Софья Ивановна проговорила все это с той приятной шутливостью, под видом которой люди, думающие бить наверняка, делают самые нахальные просьбы. Помещица с радостью изъявила готовность пособить горю соседки.
– Экая память, право, у меня, – вымолвила она после минуты раздумья, – вот ведь я уж и забыла, что вы мне сказали… что, бишь, писать-то надо такое… зо… за… за… как, бишь, это?…
– Азия-с, Озия-с и Ельзозия-с, – отвечала соседка наилюбезнейшим образом, – да вам бы лучше записать на бумажке…
– Да, да, и то правда… Степанида Артемьевна, – сказала она входившей в это время поручице, – дайте. Матушка, чернильницу и календарь…
Исполнив просьбу, приживалка сердито сняла со свечки, пошевелила узенькими своими губами и села к окну. Помещица записала рецепт и, как бы утомленная такою продолжительною работой, прислонилась к спинке дивана. В маленькой комнатке вновь воцарилось глубокое молчание, прерываемое по-прежнему ворчаньем Розки, шумом бури, а иногда песнями и криками гулявших комковцев.
Минут двадцать спустя в комнату вошла рябая Палашка, сопровождаемая скотницей Феклой. Последняя выступила с озабоченным видом вперед и, поклонившись барыне в пояс, возвестила, что пришел какой-то старик на скотный двор, пришел да и сел на порог, стонет да охает да госпожу видеть просит.
– Уж так плох, матушка-барыня, так плох, – присовокупила скотница, качая головою, – лица на нем, сударыня, нетути; и ничего-то не молвит, только что охает, так-то охает, что беда-с; больно хил, сударыня; побоялась я оставить его до завтра, народу в избе нет, на праздник ушли… я и пришла доложить вашей милости…
– Пресвятая богородица, заступница наша! – произнесла после тяжкого вздоха помещица, – ох, должно быть, больной какой-нибудь, бедняжушка! Сейчас, Фекла, сейчас иду, подожди меня в «аптеке»…
– Что это вы, Марья Петровна, – воскликнула Софья Ивановна, удерживая ее за руку, – уж не хотите ли идти в такую пору, в такое ненастье на скотный двор? помилуйте, Христос с вами! что вы делаете?…
– Нет, отпустите меня, душенька Софья Ивановна, – возразила старушка, – у меня и сердце не на месте…
– Так вот нет же, не отпущу.
– Нет, отпустите, душенька, право, сердце не на месте; пойду погляжу… может, помощь нужна скорая…
– Ну, вот, уж и скорая – да не умрет, не бойтесь; должно быть, у вас же на деревне употчевали его, дело праздничное, вот и все тут…
– Нет, все равно, душенька Софья Ивановна, а я пойду к нему, все спокойнее на сердце-то будет.
Сказав это, старушка поспешно вступила в комнату еще меньшего размера, увешанную с потолка до полу пучочками сушившихся трав. Тут также находился старинный, вычурный шкап; сквозь стекла его можно было различить легионы пузырьков, баночек, скляночек и ярлыков – это была «аптека» помещицы. Марья Петровна немедля натащила на ноги теплые валенки, закуталась
в старый салоп на заячьем меху, намотала на шею платок и, сопровождаемая Феклою, державшею фонарь, отправилась на скотный двор.
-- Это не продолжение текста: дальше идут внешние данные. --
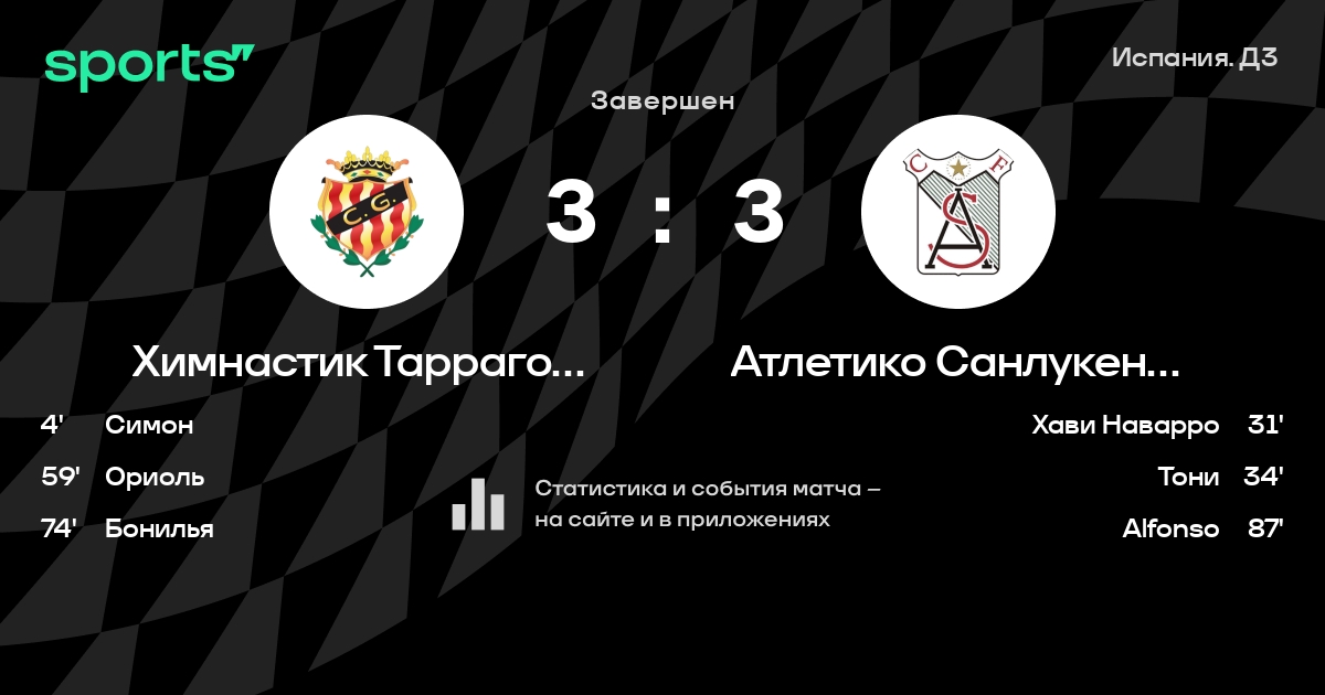 Трансляция Химнастик Таррагона - Атлетико Санлукеньо

– Сюда, сюда-с пожалуйте, матушка-барыня, – твердила Фекла, поддерживая одною рукою барыню, другою освещая ей дорогу, – не оступитесь, матушка-барыня, извольте вот сюда пожаловать, ишь лужи какие…
– Святой Сергий-угодник, – твердила жалобно Марья Петровна, шлепая по грязи, – ох! чуть было не оступилась…
– С нами все святые! – присовокупила скотница, удваивая старания, – долго ли до беды… ишь, ветер какой, так с ног вот и ломит… да снег-то глаза залепляет… пожалуйте сюда-с… здесь будет посуше…
Вскоре своротили они за дом. Скотница направила фонарь прямо по долони через длинный барский двор, и обе пустились по этому направлению.
С улицы все еще слышались крики и песни неугомонных комковцев» там и сям за заборами, сквозь темноту мерцали огоньки, показывавшие, что пирушка и не думала умолкать.
Наконец Фекла подвела свою госпожу к скотному двору – мрачной избе, обнесенной с трех сторон навесами. Посоветовав Марье Петровне не трогаться с места, чтобы не быть вымоченной дождем, шумно ниспадавшим с навесов, баба уставила фонарь в грязь и приблизилась к зданию; тут она неожиданно загремела щеколдой, отворила узенькую дверцу, снова подняла фонарь и осторожно ввела барыню в большие черные сени, где вместо пола служила твердо убитая земля.
– Не оступитесь, матушка-барыня, – говорила Фекла, – он тут того и смотри где-нибудь. да на полу валяется; как пошла-то я к вашей милости, лежал он на пороге…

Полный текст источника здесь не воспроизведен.